Drogo parecia o único a notar que eles não estavam sozinhos. Aquela briga doméstica não era algo apropriado para o ambiente em que se encontravam. O pequeno Bolseiro deixou que seus olhos vagassem pelo o grande salão do trono - guardas, servos e membros do conselho se encontravam também ali fazendo parte do cortejo de recepção. Para seu alívio, grande parte dos anões parecia não dar a mínima para as ações informais da família real; na verdade, alguns deles sorriam e riam. Entretanto, uma parcela dava a entender que... Bem, alguns membros do conselho cochichavam entre si e exibiam feições irritadas e desaprovativas. Um deles em particular parecia estar prestando ainda mais atenção que os outros - este seria o lorde Glorin. Drogo sentiu calafrios ao ver que o tal lorde anão o observava com uma estranha fixação.
– Pessoal... Acho que discutir sobre comida não seria apropriado... Ainda mais na presença do nosso convidado. – Disse, por fim, o jovem Bolseiro. Tentava, em vão, controlar a situação e também se distrair da sensação incômoda que lorde Glorin lhe causava.
– Oh, céus! Isso é verdade! – Concordou Bilbo totalmente corado. Que belo espetáculo estavam dando, apostava que o elfo deveria estar muito irritado...
Mas, para a surpresa de todos, Elrond não parecia ofendido - pelo o contrário. Sua face quase etérea trazia um sorriso e uma risada foi ouvida com clareza.
– Vocês são um interessante casal. – Admitiu, ainda sorrindo – E parecem ser uma maravilhosa família. Não se preocupem quanto as formalidades... Eu vim aqui para oferecer a minha amizade, e não tratados efêmeros ou falsidades.
– Hum? E por que estaríamos interessados na sua amiz... - Elegantemente, Bilbo chutou o seu amado marido, impedindo que proferisse mais uma frase rude.
– Não esqueça, Thorin, que foi o Lorde Elrond quem salvou os nossos sobrinhos. Estamos em dívida com ele.

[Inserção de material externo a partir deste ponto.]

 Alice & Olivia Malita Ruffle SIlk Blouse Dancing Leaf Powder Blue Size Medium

O anão soltou um resmungo baixo em sua língua, algo que o segundo rei facilmente traduziu para a língua comum: "Em dívida com um comedor de folhas? Meus antepassados estariam comendo as próprias barbas se soubessem disso...".
– Agradeço a sua ajuda. – Falou, por fim, o primeiro rei – Meu esposo está correto, estou em dívida com você.

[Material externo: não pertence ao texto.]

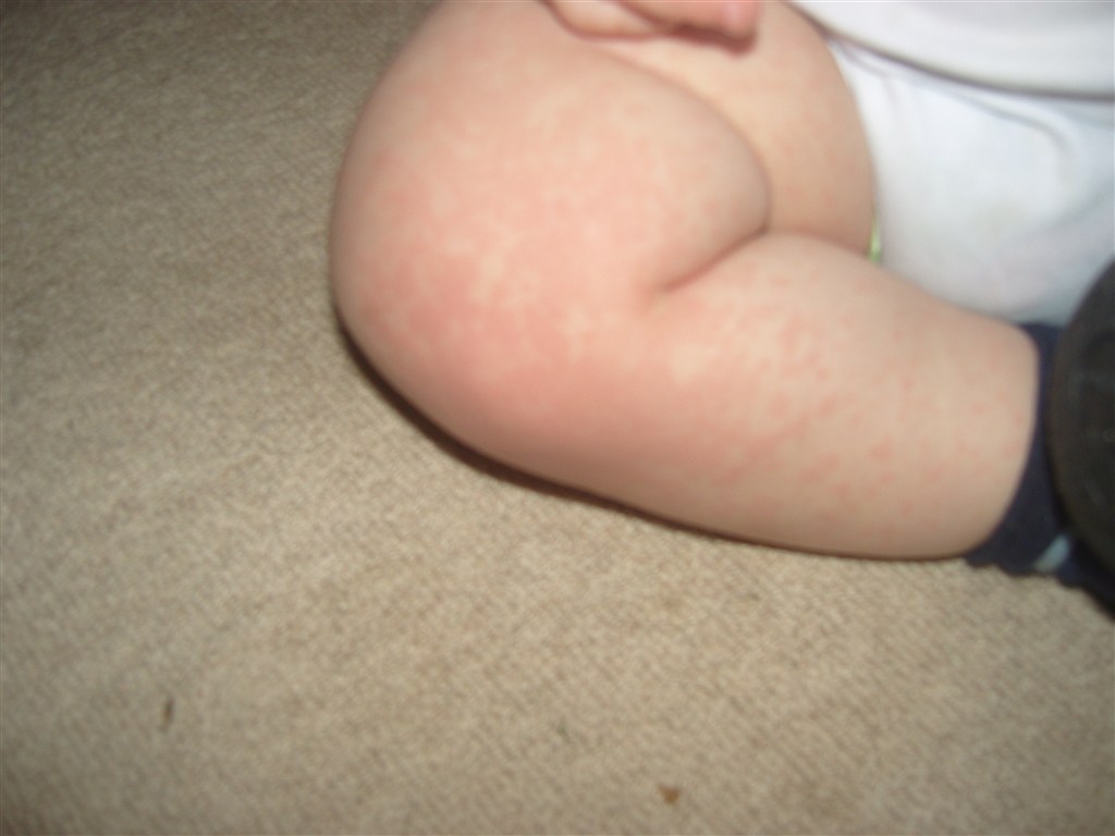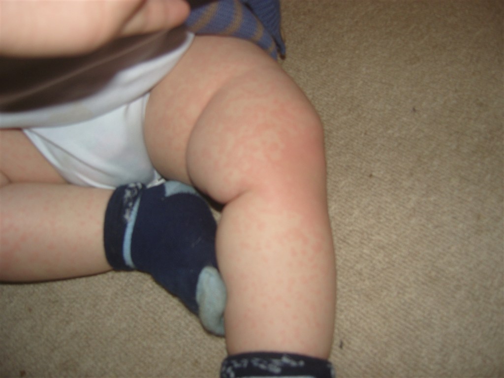 Det er svært at se udfra billedet om det er nældefeber eller ej, jeg lider selv enormt meget af nældefeber pga. allergi og jeg får store røde plamager på huden som nærmest er "hævet op" på huden så du tydeligt kan mærke dem.

Elrond negou com a cabeça.
– Não precisa se preocupar com isso. Digamos que foi uma obrigação para com a minha família. – Disse isso lançando um olhar cordial para Drogo que sorriu.
– Hã? Família? – Thorin questionou com evidente confusão.
– Ora, veja a hora, querido. – Interveio Bilbo, que logo percebeu que a conversa não deveria continuar em ambiente tão formal e com tantos ouvidos quanto o sala do trono naquele momento – Deveríamos convidar o Lorde Elrond para o chá das quatro, não é mesmo?
O rei soltou um grunhido, algo que o segundo rei logo interpretou como uma aceitação da proposta.
– Será um imenso prazer acompanhá-los. Gandalf me falou de suas habilidades culinárias; realmente estou ansioso para experimentar a culinária dos hobbits.
– Ora, Gandalf está fofocando absurdos? Nossa culinária não tem nada de especial! – Falou com modéstia, contudo, um coro de protestos por parte dos anões foi logo ouvido pelo o salão, o que fez o segundo rei ruborizar totalmente.
– Acho que o nosso povo discorda disso. – Sussurrou Thorin ao esposo –Bem, elfo, nos acompanhe.
Elrond assentiu com a cabeça e acompanhou a família. Realmente teriam muito o que conversar.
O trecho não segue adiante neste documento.